For a second, I feel a thrill of fear I haven’t felt since I was a boy. It settles deep inside my stomach, and I steel myself. Then her hand touches my shoulder, and I start to sweat from every pore.
Her free hand grabs one of mine, and she tugs me closer to her, closing the distance between our bodies with a gentle tug. I lean closer to her, moving in small jerks. I'm getting seriously dizzy, as her thumb touches me between my brows.
"I see a frown mark, though," she whispers, "right here." I blink, surprised to find the soft sensation makes my eyelids heavy.
"I thought you were upset that night," she murmurs as she strokes. "After..." She colors, and I blink my heavy lids.

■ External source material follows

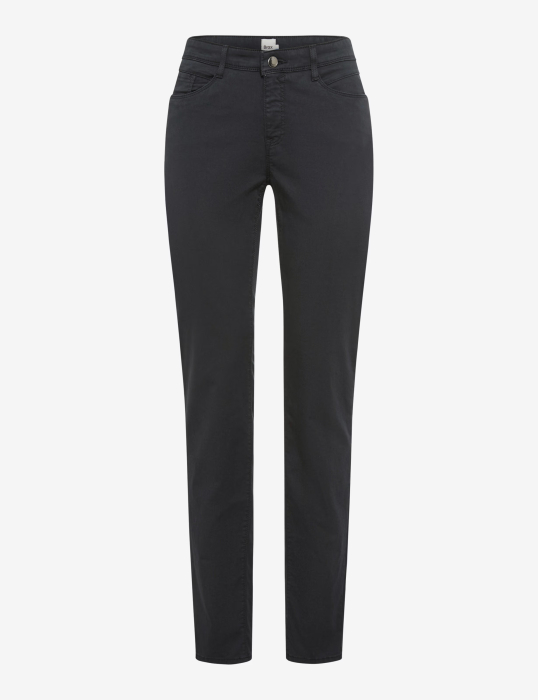 Cu aspectul lor curat și modern, pantalonii cu cinci buzunare în stil MARY sunt o alegere feminină pentru o purtare versatilă de zi cu zi. Croiul drept, cu o croială standard, creează o siluetă echilibrată, care este flatantă și oferă o libertate amplă de mișcare. Elementele tipice cu cinci buzunare - buzunare frontale, un buzunar mic pentru monede și buzunare aplicate la spate - conferă pantalonilor aspectul lor distinctiv. Strasurile plasate subtil adaugă o notă elegantă designului curat. Materialul emană, de asemenea, lux. Calitatea superioară a bumbacului conferă pantalonilor un luciu subtil și o senzație netedă. Amestecul de bumbac de înaltă calitate asigură o senzație plăcută de moale pe piele. Completat de lyocell și elastan, țesătura satinată vibrantă oferă respirabilitate, menținerea formei și o libertate excelentă de mișcare - pentru un confort fără griji pe tot parcursul zilei.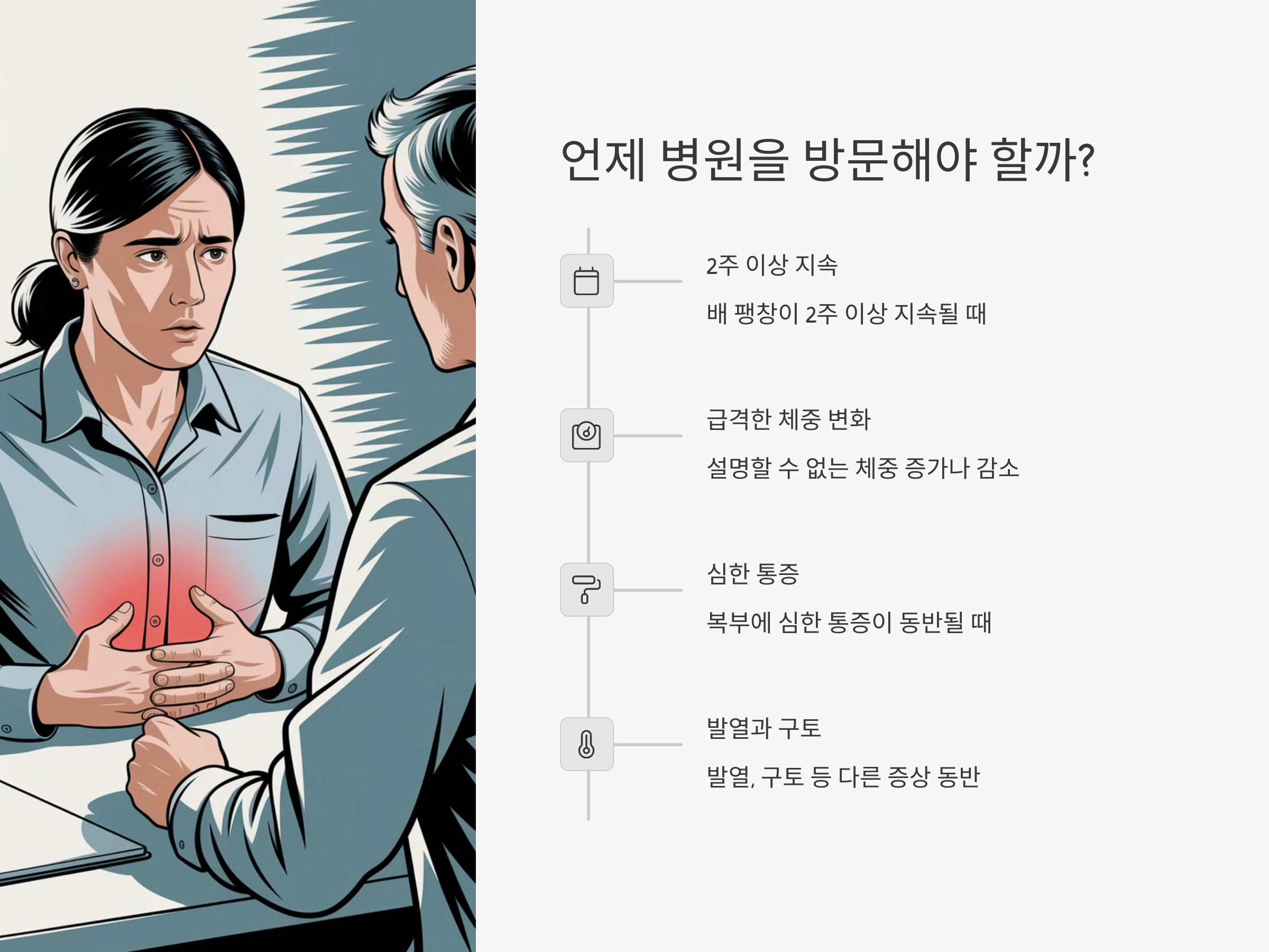 따라서 배가 팽창하고 가스가 차는 증상이 지속된다면, 정확한 진단을 위해 전문가의 진료를 받는 것이 중요합니다.

"I could see you at the foot of the bed, and I was kind of worried for you. I don't know why, but something about you..." That frown is back, visible through my lashes, and someone is scooping out my insides. I feel gutless and emptied, like I might dissolve into a puddle at this woman's feet.
"Something about you just seems sad. I don't know what about poker-playing would make a man sad, but I'm watching these," she says, gently thumbing my frown lines one more time. "Try not to let them get any deeper."